Most people in Pakistan reach for a cough syrup and assume a stubborn cough will clear up on its own. Sometimes it does. But when a cough drags on past two or three weeks, especially without a fever or runny nose, the cause is often something other than a simple chest infection.
Lahore winters are a good example of how complicated this gets. The city’s smog season runs from October through January, and during those months respiratory clinics fill with patients whose coughs have lasted for weeks. Some have a genuine chest infection. Many do not. A cross-sectional study at KRL Hospital Islamabad found that cough variant asthma was the leading cause of chronic cough in Pakistani adults, accounting for 47% of cases, while acid reflux, allergic rhinitis, and blood pressure medications made up much of the rest.
Understanding what is actually driving a cough matters because the treatment for each cause is completely different. Antibiotics, for instance, do nothing for an asthma-related cough or an acid reflux cough, yet they are among the most overprescribed medicines in Pakistan for exactly this symptom.
How Long Is Too Long? Defining a Persistent Cough
A persistent cough is one that lasts beyond the normal recovery window of a viral illness. Clinically, doctors classify coughs by duration: acute coughs last under three weeks, subacute coughs last three to eight weeks, and a chronic cough is one that continues for eight weeks or more in adults, per guidelines from the American College of Chest Physicians. A cough lasting even three weeks without an obvious explanation deserves attention, not just another bottle of Benylin.
The type of cough matters too. A wet or productive cough brings up mucus and is more typical of an active infection. A dry, tickly cough with no phlegm is more commonly linked to asthma, acid reflux, or a medication side effect. Knowing the difference helps a doctor narrow down the cause quickly.

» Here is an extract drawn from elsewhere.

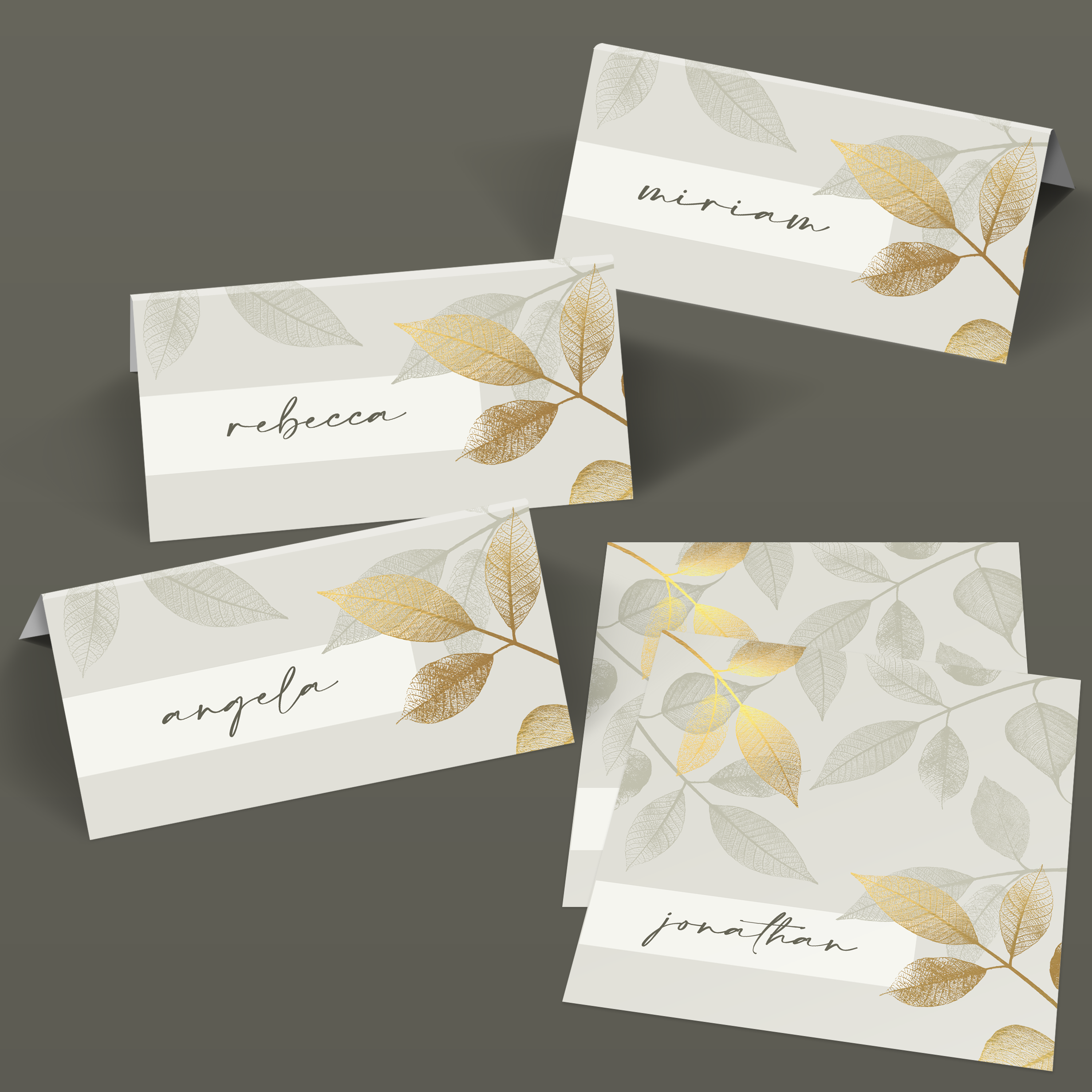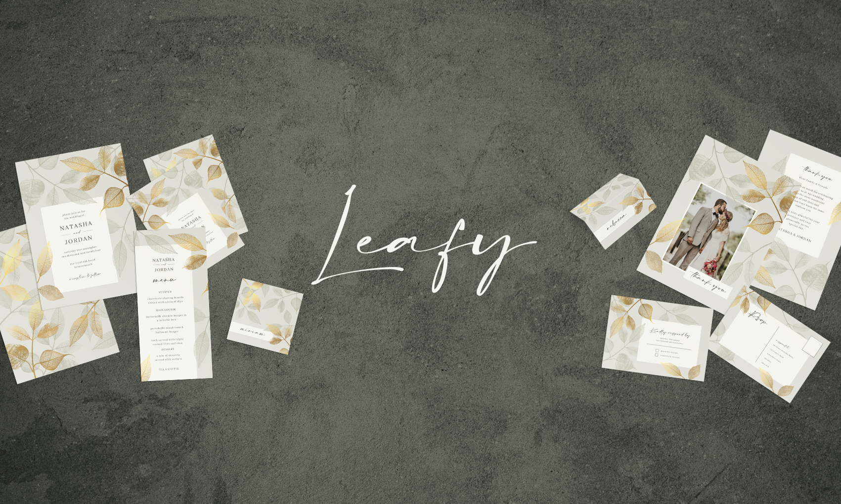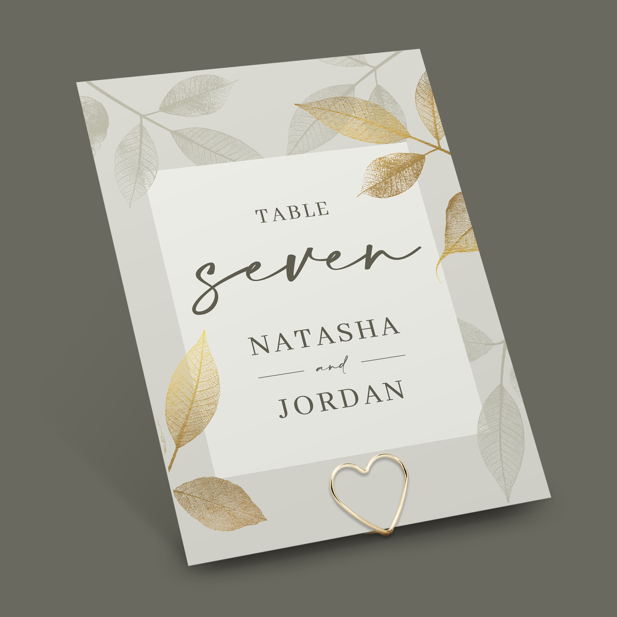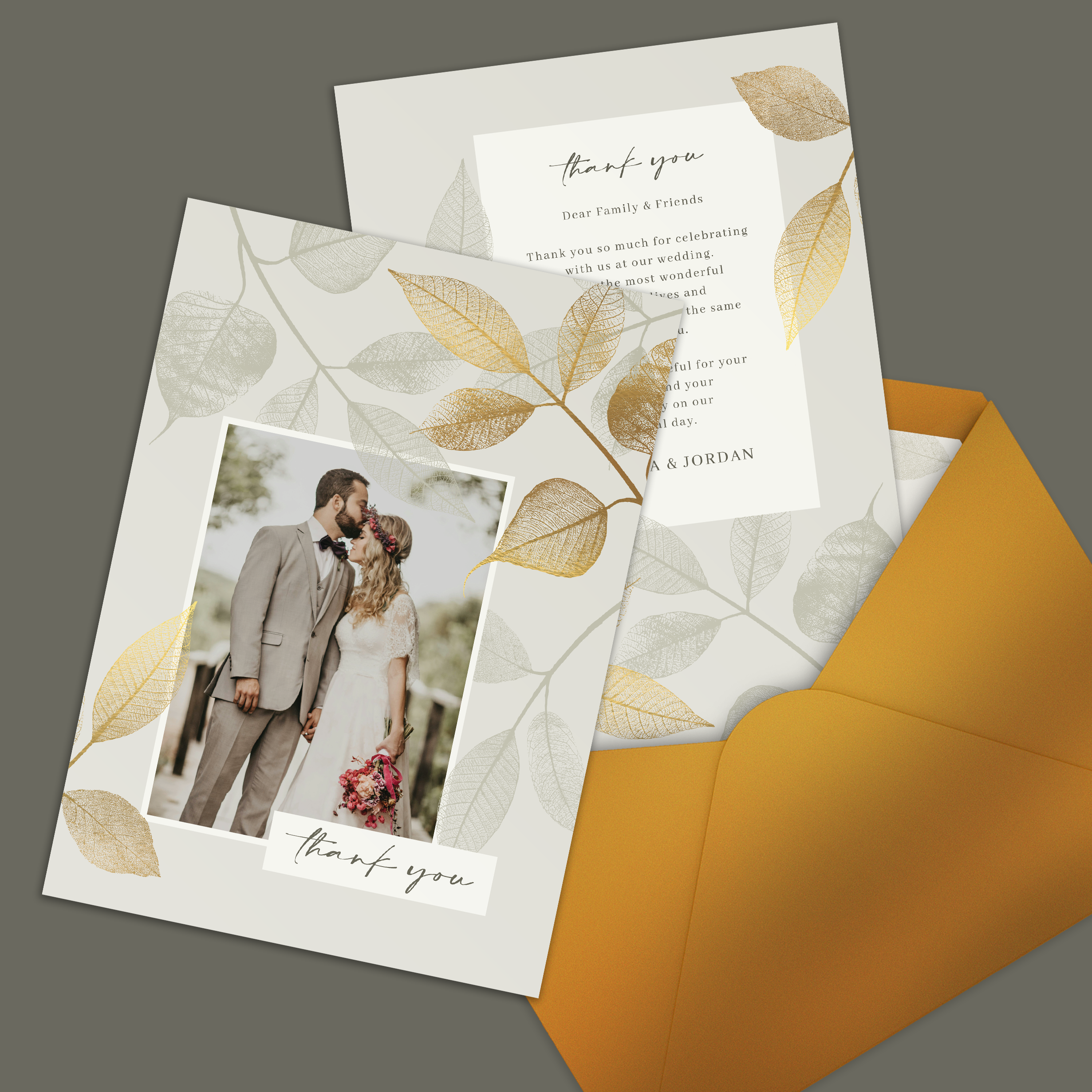 Perfect for autumn weddings, this design features a real foil leaf skeleton design. This earthy, nature inspired wedding suite is both elegant and modern and available in a multitude of colours to match your theme.

Common Causes of Persistent Cough Beyond a Chest Infection
A chest infection, whether bronchitis or pneumonia, is one cause of a persistent cough, but it’s far from the only one. Here are the causes Pakistani patients most commonly encounter, including several that are routinely missed.
Cough Variant Asthma
Asthma doesn’t always cause wheezing. In cough variant asthma, a dry cough is the only symptom, with no shortness of breath or audible wheeze. It tends to worsen at night, in cold air, or after exercise. This is the single most common cause of chronic cough in Pakistani adults according to the KRL Hospital Islamabad study cited above, yet it is frequently treated as a recurring chest infection for months before the correct diagnosis is made.
Postnasal Drip
When the sinuses produce excess mucus, it drips down the back of the throat and triggers a cough reflex. This is called postnasal drip, and it’s one of the most common reasons a cough lingers after a cold or during allergy season. In Pakistan, dust, pollen, and vehicle emissions are major triggers, particularly in Karachi and Lahore where air quality is frequently poor. The cough is often worse in the morning or when lying down.
Acid Reflux (GERD)
Gastroesophageal reflux disease, commonly called GERD, is a condition where stomach acid travels back up into the food pipe and irritates the throat and airways. It can cause a persistent dry cough even in people who feel no heartburn at all. According to Harvard Health Publishing, up to one-third of GERD patients have no chest pain and only complain of a cough or a hoarse voice. Eating heavy meals late at night, which is common during Ramadan or at family dinners, can make reflux-related cough noticeably worse.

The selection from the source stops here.